Since all nodes have the same probabilistic behaviour, this probability corresponds to the fraction of the network that has seen the data-element within time t (i.e. the coverage and convergence). This parametric analysis required 16,997 ms on an iMAC, 2,66 GHz ICi5, with 8 GB memory (same for any population size \(N\ge 2500\)!). The results in [1] show close correspondence to those obtainedFootnote 3 with FlyFast for an initial state defined as system main in Fig. 4 but for \(G_{max}=9\). Figure 6 shows an example of a parametric nested path formula expressing, for time-bounds \(t \in \{0, \ldots , 1000\}\), the probability to reach a state in which the probability to get the data element within 20 steps is greater than 0.1. The jump in the graph at \(t=700\) can be explained by the crossing of a threshold in the distribution of the data element in the network w.r.t. the bounds used in the formulaFootnote 4.

$$\begin{aligned} \mathsf {isTrue}\; \mathsf {U}\le t\; (\mathsf{P}\{>0.1\}[! \mathsf {hasD}\; \mathsf{U}\le 20\; \mathsf {hasD}]) \end{aligned}$$
Fig. 6.
figure 6

Nested time-dependent probability for \(G_{max}=9\), \(N=2500\), \(n=500\), \(s=100\) and \(c=50\).

Also time-dependent probabilities of (non-parametric) path formulas can be analysed. For example we may wish to make sure that in the model the probability to leave active state O0 in the next step is equal to 1 at any time of interest, given that such transitions model clock-ticks in this gossip model. As this probability depends on the limit occupancy measure, this may not be given for granted.
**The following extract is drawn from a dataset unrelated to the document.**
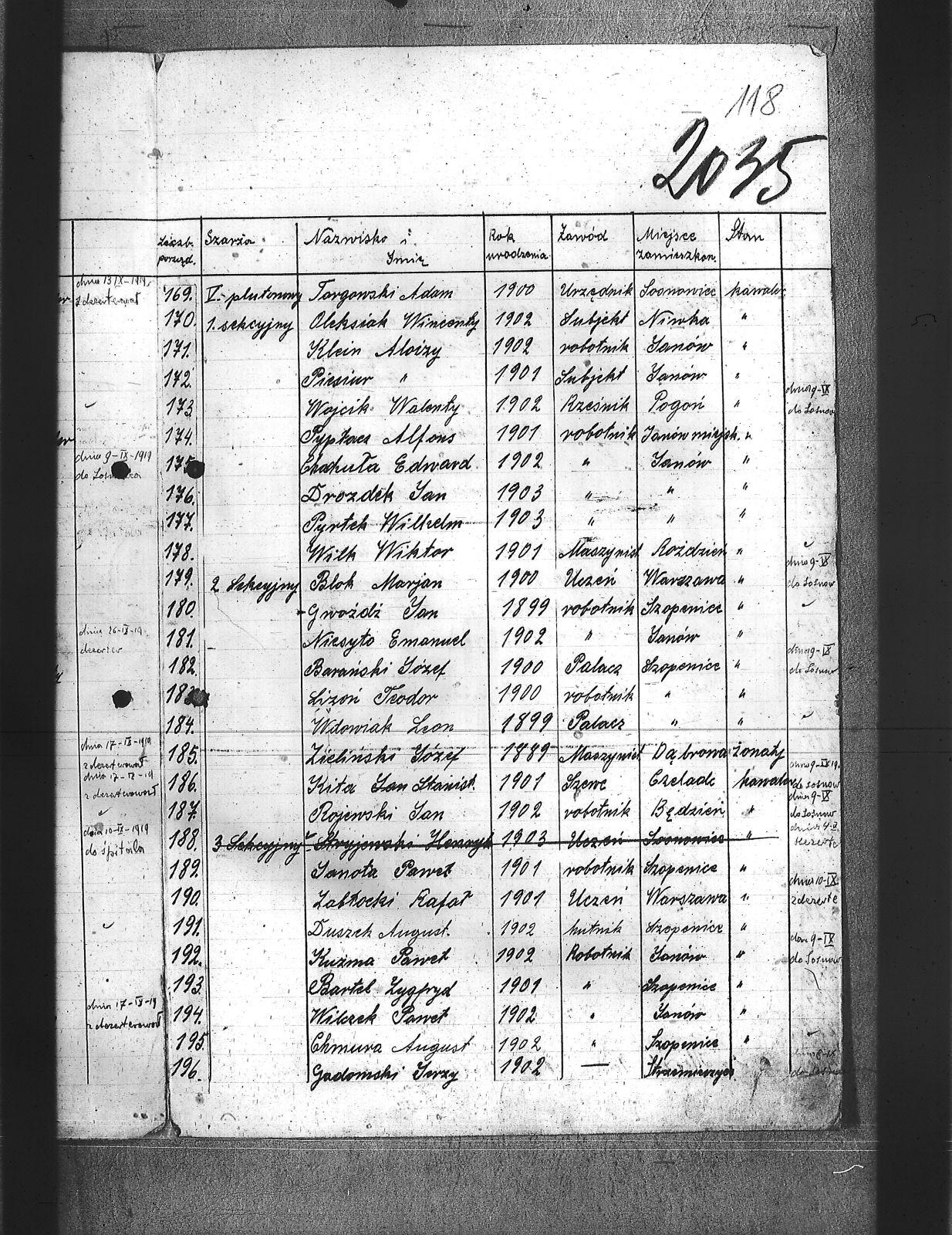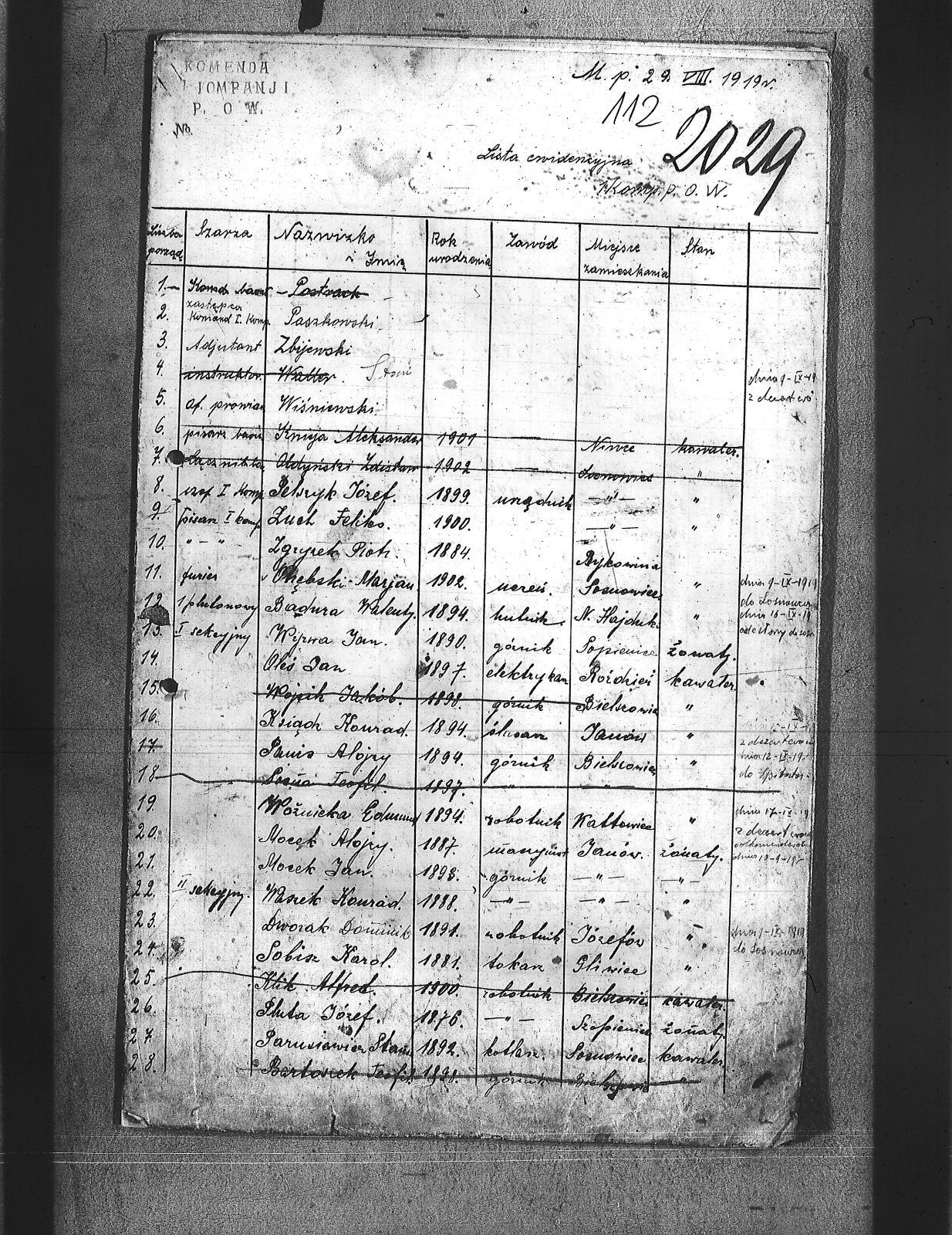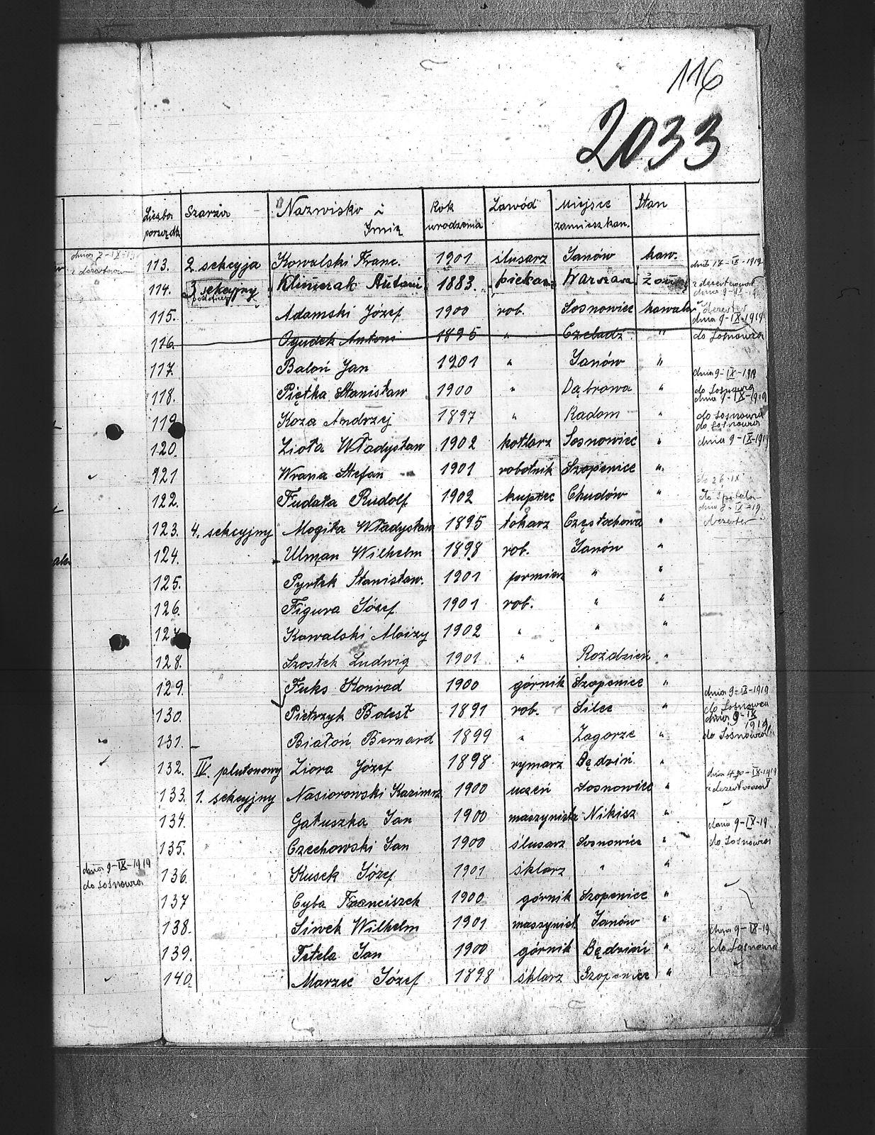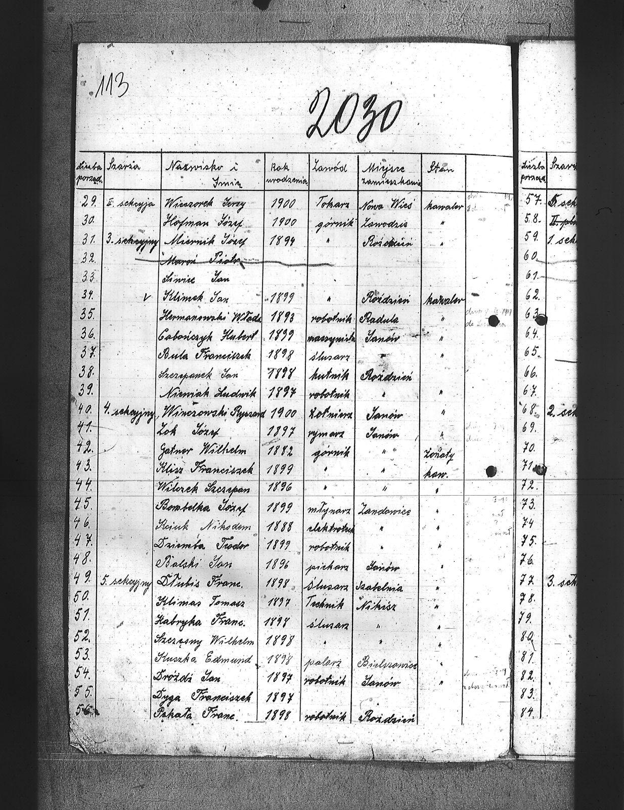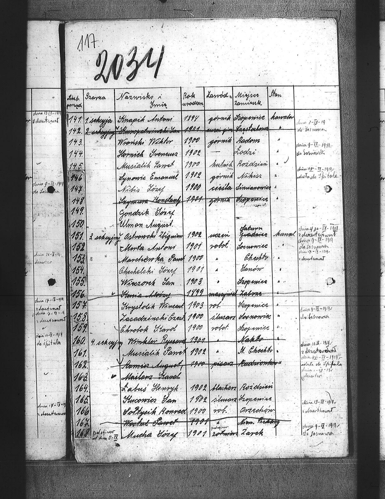 Adamski, Józef; Badura, Walenty; Baloń, Jan; Balski, Jan; Bara, Franciszek; Barański, Józef; Bartel, Zygfryd; Bartoszek, Teofil; Bassi, Leopold; Bereza, Stefan; Białoń, Bernard; Biczysko, Antoni; Bieroński, Emanuel; Blok, Marjan; Bombelka, Józef; Borowicki, Władysław; Brombosz, Paweł; Brzoska, Jan; Buczek, Józef; Bujok, Ignacy; Bula, Franciszek; Cabończyk, Hubert; Chachuła, Edward; Chechelski, Józef; Chmura, August; Cholewa, Augustyn; Chrobok, Karol; Cyba, Franciszek; Cypionka, Aloizy; Czech, Wilhelm; Czechowski, Jan; Dłubis, Franciszek; Drozdek, Jan; Drozdek, Paweł; Dróżdż, Jan; Drzyzga, Franciszek; Dudek, Franciszek; Dukat, Jan; Duszek, August; Dworak, Dominik; Dyga, Franciszek; Dytko, Paweł; Dziemba, Teodor; Dziurowicz, Walery; Fabian, Józef; Fatela, Jan; Ficek, Aleks; Figura, Józef; Fila, Jan; Flak, Stefan; Fudała, Rudolf; Fuks, Jan; Fuks, Konrad; Gadomski, Jerzy; Galoch, Aloizy; Gałuszka, Jan; Gatner, Wilhelm; Golda, Szczepan; Gondzik, Józef; Grzesica, Konrad; Gucki, Emanuel; Gwóźdź, Jan; Habryka, Franciszek; Hermanowski, Władysław; Hofman, Józef; Hornich, Ireneusz; Huj, Jan; Iwanek, Jan; Janota, Paweł; Jeleń, Szymon; Jędraś, Piotr; Jędryczko, Jan; Jochemski, Karol; Jurecko, Aleksy; Karkoszka, Feliks; Kciuk, Nikodem; Kempa, Jan; Kiny, Jan; Kita, Stanisław; Klein, Aloizy; Klik, Alfred; Klimas, Tomasz; Klimczak, Antoni; Klimek, Jan; Klisz, Franciszek; Knapik, Antoni; Knapik, Augustyn; Knieja, Aleksander; Kokosza, Aleksander; Kołodziej, Hugo; Kornorzycki, Nikodem; Kościelny, Henryk; Kota, Franciszek; Kowalczewski, Marjan; Kowalski, Aloizy; Kowalski, Franciszek; Kownacki, Jan; Koza, Andrzej; Krystolik, Wincent; Ksiądz, Konrad; Kubik, Teofil; Kucia, Aloizy; Kucowicz, Jan; Kudelski, Zygmund; Kuliga, Rufin; Kulisz, Stefan; Kundla, Wiktor; Kurdziej, Paweł; Kuropatwiński, Jan; Kusek, Józef; Kuszka, Edmund; Kuźma, Paweł; Latuszek, Herman; Lipski, Leon; Lizoń, Józef; Lizoń, Teodor; Ludziorczyk, Edward; Łabuś, Henryk; Marchewka, Paweł; Markowicz, Paweł; Maroń, Piotr; Marszalski, Augustyn; Marszołek, Emanuel; Marzec, Józef; Maślorz, Karol; Meszek, Jan; Miernik, Józef; Mierzejewski, Marjan; Miler, Aleksander; Miler, Stanisław; Mogiła, Władysław; Mol, Franciszek; Morta, Antoni; Mozek, Alojzy; Mozek, Jan; Mucha, Józef; Musialik, Paweł; Musiał, Teodor; Mych, Wimcenty; Nasiorowski, Kazimierz; Nibis, Józef; Niesyto, Emanuel; Niewiak, Ludwik; Nokiel, Konrad; Nowakowski, Józef; Ogudek, Antoni; Oldyński, Zdzisław; Oleksiak, Wincenty; Oleś, Jan; Ostrowski, Zbigniew; Otrębski, Marian; Pałasz, Józef; Pałka, Karol; Panis, Alojzy; Paprotny, Aleksy; Parusiewicz, Stanisław; Paszkowski; Patałąk, Emanuel; Pelszyk, Józef; Pękała, Franciszek; Piesiur, Aloizy; Pietrzyk, Bolesław; Piętka, Stanisław; Pilc, Gustaw; Plusczyk, Jerzy; Pluta, Jóżef; Postrach; Puta, Wawrzyniec; Pypłacz, Alfons; Pyrtek, Stanisław; Pyrtek, Wilhelm; Ramisz, August; Rojewski, Jan; Sergiew, Michał; Sitko, Karol; Siwek, Wilhelm; Siwiec, Jan; Słabczyński, Walenty; Smędek, Kasper; Sobczvk, Wilhelm; Sobisz, Karol; Sołtysik, Konrad; Somer, Jerzy; Sosna, Teofil; Stokłosa, Piotr; Stolarz, Alfons; Stryjewski, Henryk; Swinoga, Franciszek; Synowic, Emanuel; Szczakowski, Stanisław; Szczepanek, Jan; Szczęsny, Wilhelm; Szejdon, Adolf; Szlachta, August; Szostek, Ludwik; Szymura, Konstanty; świtała, Paweł; Tabaszowski, Edward; Teper, Antoni; Torbus, Jan; Torgowski, Adam; Ulman, August; Ulman, Wilhelm; Walter; Walus, Paweł; Waszek, Konrad; Wąslik, Wincenty; Wdowiak, Leon; Widera, Stefan; Wieczorek, Jan; Wieczorek, Jerzy; Wilczek, Paweł; Wilczek, Szczepan; Wilk, Wiktor; Winczowski, Ryszard; Winiarski, Wacław; Winkler, Ryszard; Wista, Józef; Wiśniewski; Witanski, Sylwester; Wojcik, Walenty; Wostal, Paweł; Woźnicka, Edmund; Wójcik, Jakób; Wrona, Stefan; Wroński, Wiktor; Wyleżoł, Paweł; Wyrwa, Jan; Zabłocki, Rafał; Zasadziński, Czesław; Zbijewski; Zgryzek, Piotr; Ziebiera, Kornel; Zieliński, Józef; Zioła, Władysław; Ziora, Józef; Zok, Józef; Zuch, Feliks; Zydek, Szczepan; |

However, analysis of the path formula \(O0\; \mathsf{U}\le 1 (D9\; \mathsf{|}\; O9)\), at different times \(0, \ldots , 3000\), shows that the probability is indeed 1. Results can be visualised with the graph view in the Eclipse plugin, as in Figs. 5 and 6, or exported for customised visualisation via Gnuplot, Octave or Matlab.

5 Related Work and Conclusions

We briefly presented some features of the novel on-the-fly mean field model checker FlyFast. It scales to very large populations as the method is essentially independent of the population size (as long as it is large enough). In comparison, statistical model checking techniques scale linearly with population size. FlyFast implements a discrete time, on-the-fly probabilistic counterpart of the global fluid model checking method [3] for continuous time population models. Under some conditions, set out in [5], continuous time population models can be treated too by FlyFast applying an appropriate discretisation of the model and related CSL formulas.